Rooney Hidupkan Kembali Memori dan Kenangan di Everton

AOnwin – Butuh sedikit pergolakan hati untuk menghargai simetri yang membawa Rooney kembali ke klub di mana dia telah dicintai dan dicerca – pernah mencium lencana Manchester United langsung di depan tempat di mana dia sekarang berbicara – dan sekarang ingin bermain dan kembali ke dalam kasih sayang banyak pendukung.

Mendekati 32, Rooney dengan cepat membuat poin dia di sini untuk memenangkan piala, bukan karena Goodison mewakili “rumah pensiun”, tapi ada juga pengakuan bahwa dia bisa mengerti mengapa orang-orang menduga karirnya telah menurun – “tentu saja Tahun lalu “- dan tidak perlu lama dalam dirinya untuk menyadari bahwa satu musim dengan José Mourinho di Manchester telah menjadi cobaan pribadi.

BACA JUGA: Motivasi Dibalik Kepindahan Legenda United Kembali ke Everton

“November,” Rooney menjawab pertanyaan kapan dia mulai berpikir bahwa dia harus membebaskan dirinya dari Old Trafford. “Saya memulai musim dengan baik-baik saja. Saya telah melakukannya dengan baik, saya mengalami permainan yang buruk di Watford, dan itu menjadi momentum [keluar dari tim]. “

Dan setelah itu? “Bagian tersulit sebenarnya mengangkat dua trofi, yaitu Piala Liga dan Liga Europa. Anda tidak merasa layak mendapatkannya karena Aanda belum menjadi bagian dari permainan. Itu sulit. anda tentu senang karena anda menang tapi anda tidak merayakannya sama seperti jika anda berada di lapangan.

“Itu adalah waktu yang membuat frustrasi. Ini adalah pertama kalinya dalam karir saya, saya tidak bermain. Saya berada di bangku cadangan dan itu bukan saya. Saya perlu bermain tapi saya juga kapten Manchester United jadi saya harus tetap bersikap positif di sekitar tempat itu dan mencoba untuk tidak membawa hal negatif apapun. Saya berbicara dengan José bulan Januari untuk melihat apa pendapatnya dan dia selalu mengatakan dia ingin aku tinggal dan membantu tim sampai akhir musim. Saya melakukan itu tapi saya tahu saya harus pergi untuk karir saya. “

Pindah ke suite yang menghadap lapangan Goodison, Rooney menegaskan ia telah meninggalkan keinginannya untuk menemukan kembali dirinya sebagai gelandang dan akan memimpin dari depan untuk tim Ronald Koeman.

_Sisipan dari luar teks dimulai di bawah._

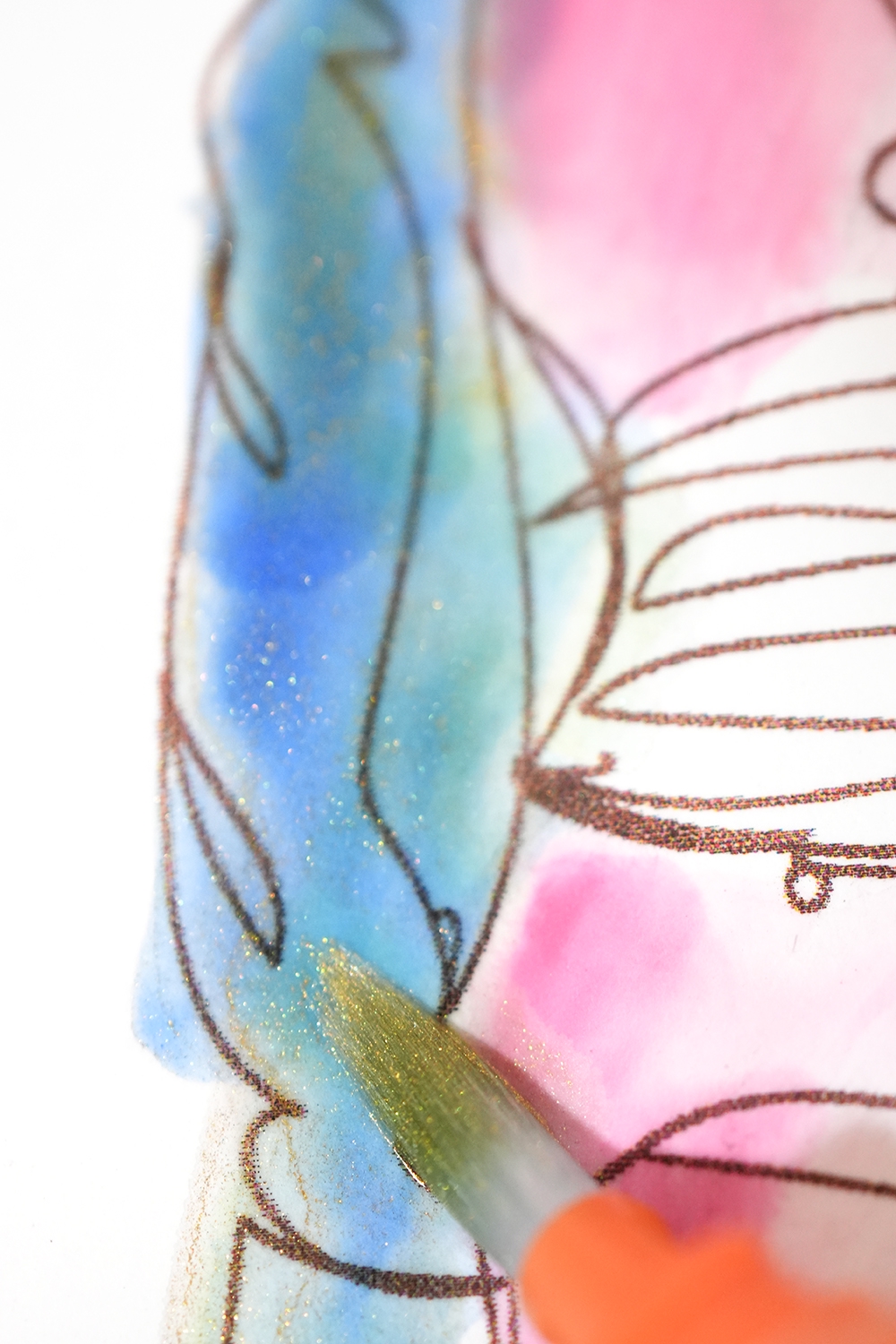水で「ブラッシュ」の穂先を洗ったら、すぐに別のインクを使うことができる見た目は水筆ペンとも似ていますが、ペン軸はただの持ち手で水を入れるわけではないので、まさに絵筆や書道筆のような使い心地です。万年筆人気は高くさまざまな色のインクが販売されているので、インク沼にハマっている方もいるかもしれません。そんな方々が、集めたインクを万年筆だけでなく筆書きするのに活用できるのもよいところではないでしょうか。「万年筆ペン先のつけペン hocoro ブラッシュ」で絵を塗る毛筆タイプの「万年筆ペン先のつけペン hocoro ブラッシュ」は、文字を書くだけでなく絵を描くのにも活用できます。ここからは、色塗りに使っていきます。毛筆タイプなので万年筆と違い広い面を塗るのにも向いています。万年筆インク用の薄め液を持っていなくても、腐らせてしまう心配がなく水や精製水でインクを薄めることができるのもつけペン式のメリットです。水彩画のようにグラデーションにしたりにじませたりする表現も可能です。また、万年筆タイプのペン先やカートリッジ式のもののように詰まる心配がないので、ラメインクにも適しています。
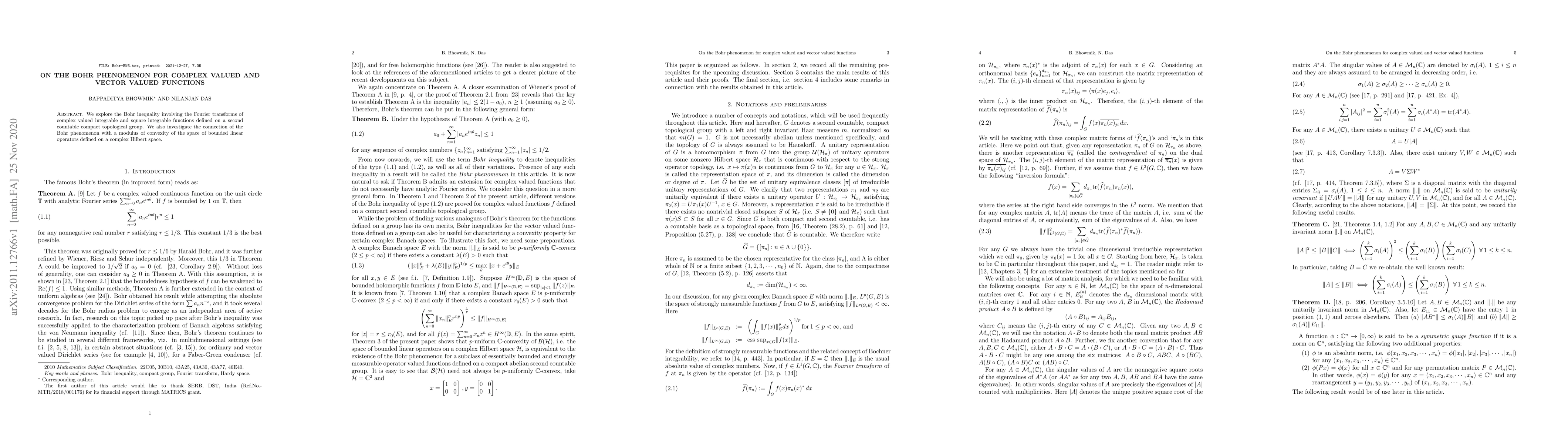 Summary: This paper examines the Bohr inequality for complex and vector-valued functions through their Fourier transforms on a compact topological group and explores its relation to the modulus of convexity in the space of bounded linear operators on a complex Hilbert space.
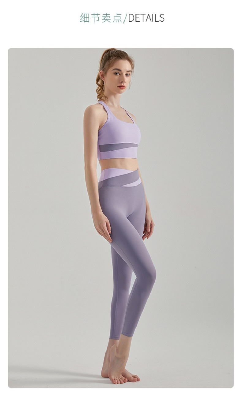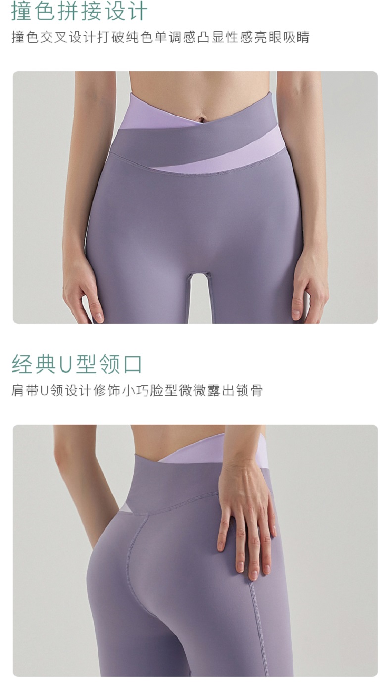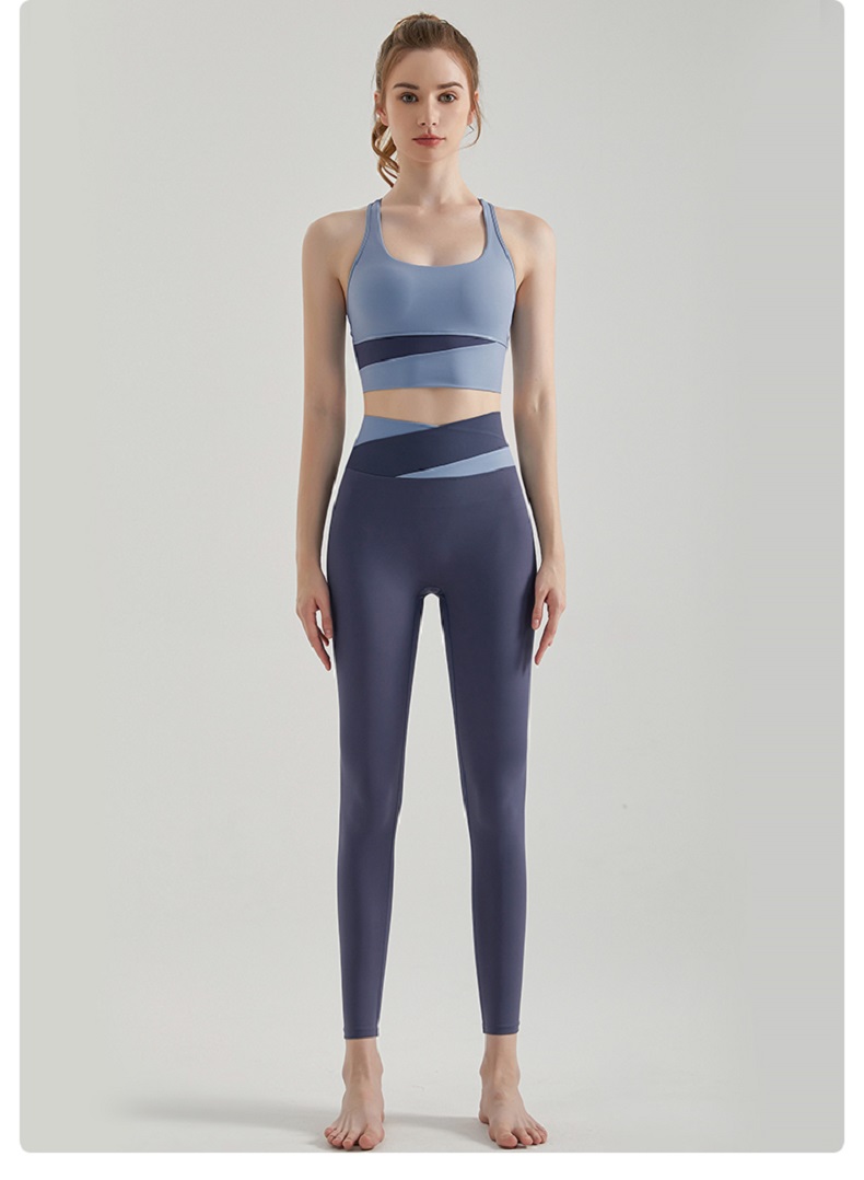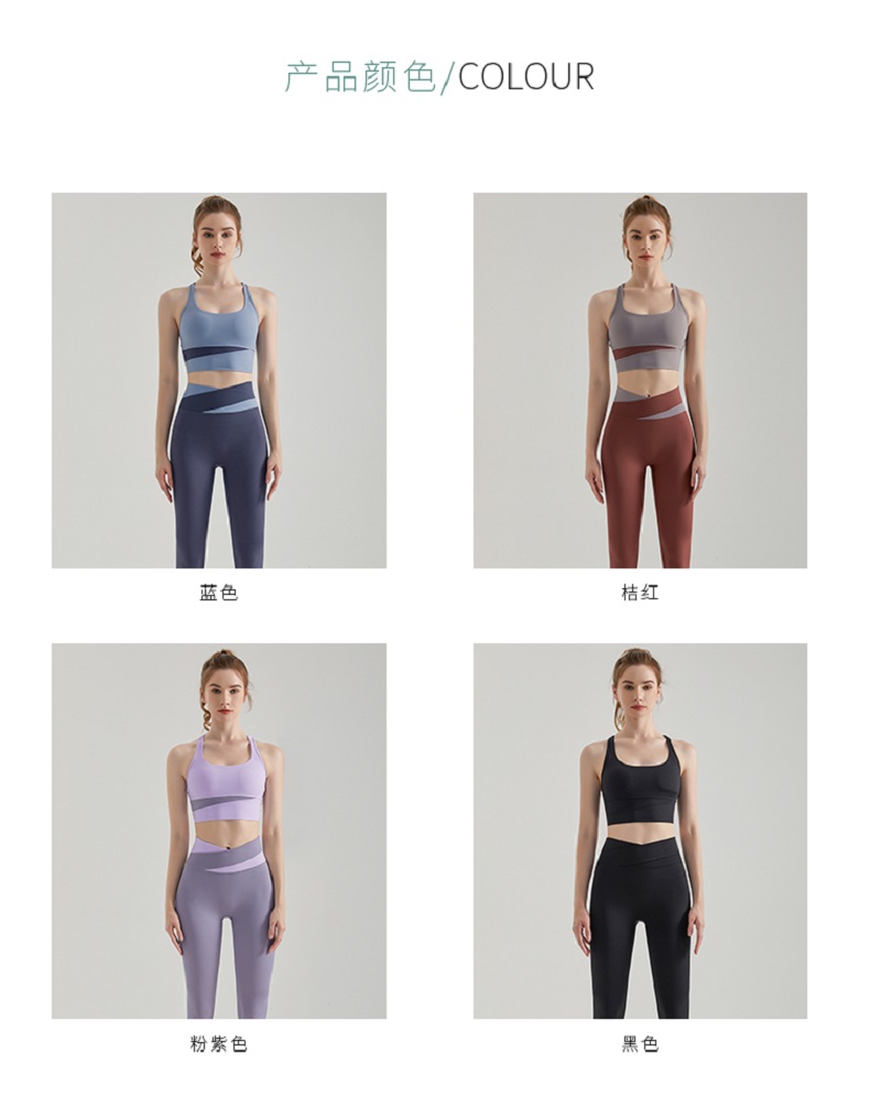 【运动必备】【高弹防震,藏肉显瘦】春夏新款女拼色交叉撞色高腰提臀显瘦运动套装
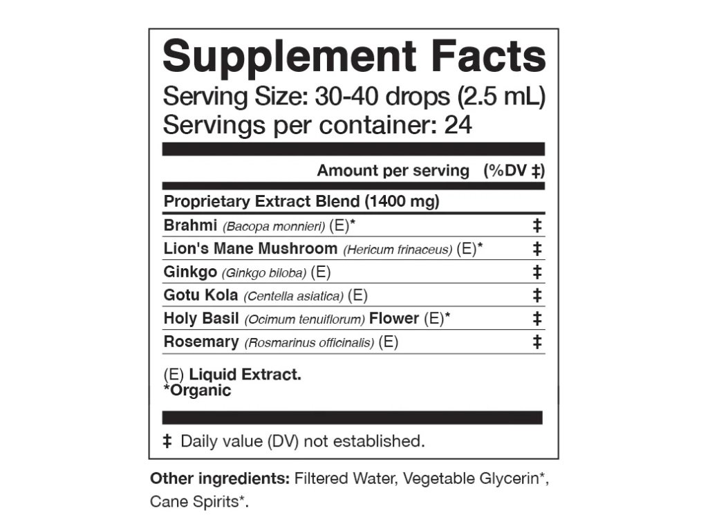 Složení: Brahmi (nať)*, lion's mane (výtažek z plodnice houby)*, ginkgo (list)*, gotu kola (list)*, bazalka posvátná (květ)*, rozmarýn lékařský (nať)*, třtinový alkohol*, rostlinný glycerin*, filtrovaná voda. *z ekologického zemědělství

Rooney telah menolak bahwa ia akan kembali ke Manchester, klub tempat ia memenangi 12 trofi utama dan mencetak lebih banyak gol daripada pemain lain dalam sejarah, dengan satu-satunya tujuan mencoba meraih tiga poin. Tapi matanya bersinar saat seseorang bertanya apakah ada tanggal yang dilingkari merah di buku hariannya. “Sudah ada satu: pertandingan Liverpool [9 Desember]. Itulah salah satu penyesalan terbesarku saat meninggalkan Everton, tidak mencetak gol dalam derby. Saya masuk dalam pertandingan pertama saya (hasil imbang 0-0 pada bulan Desember 2002) dan saya membentur mistar gawang. Untuk mencetak gol melawan Liverpool untuk Everton? Itu bagus sekali. “

Ini disebut Evertonian sejati – “Sekali biru, selalu biru,” seperti kaus yang terkenal – pada hari ketika Rooney juga mengingatkan pendengarnya, dia berada di kerumunan di Wembley saat klubnya memenangkan trofi terakhir mereka, Piala FA 1995.

Satu-satunya masalah adalah Rooney terlambat menghadiri konferensi persnya sendiri, membuat Koeman menunggu 25 menit di koridor. Namun, tidak ada orang yang cukup cerdik untuk menunjukkan bahwa ada kerumunan yang lebih besar di luar saat kembalinya Duncan Ferguson ke Goodison pada tahun 2000.

Koeman sepertinya tidak terlalu keberatan dan ketika Rooney akhirnya tampil, sulit mengingat penampilan publik terakhir saat dia terlihat dan terdengar sangat bahagia. “Rasanya benar,” pungkasnya. “Rasanya sangat nyaman saat aku masuk.”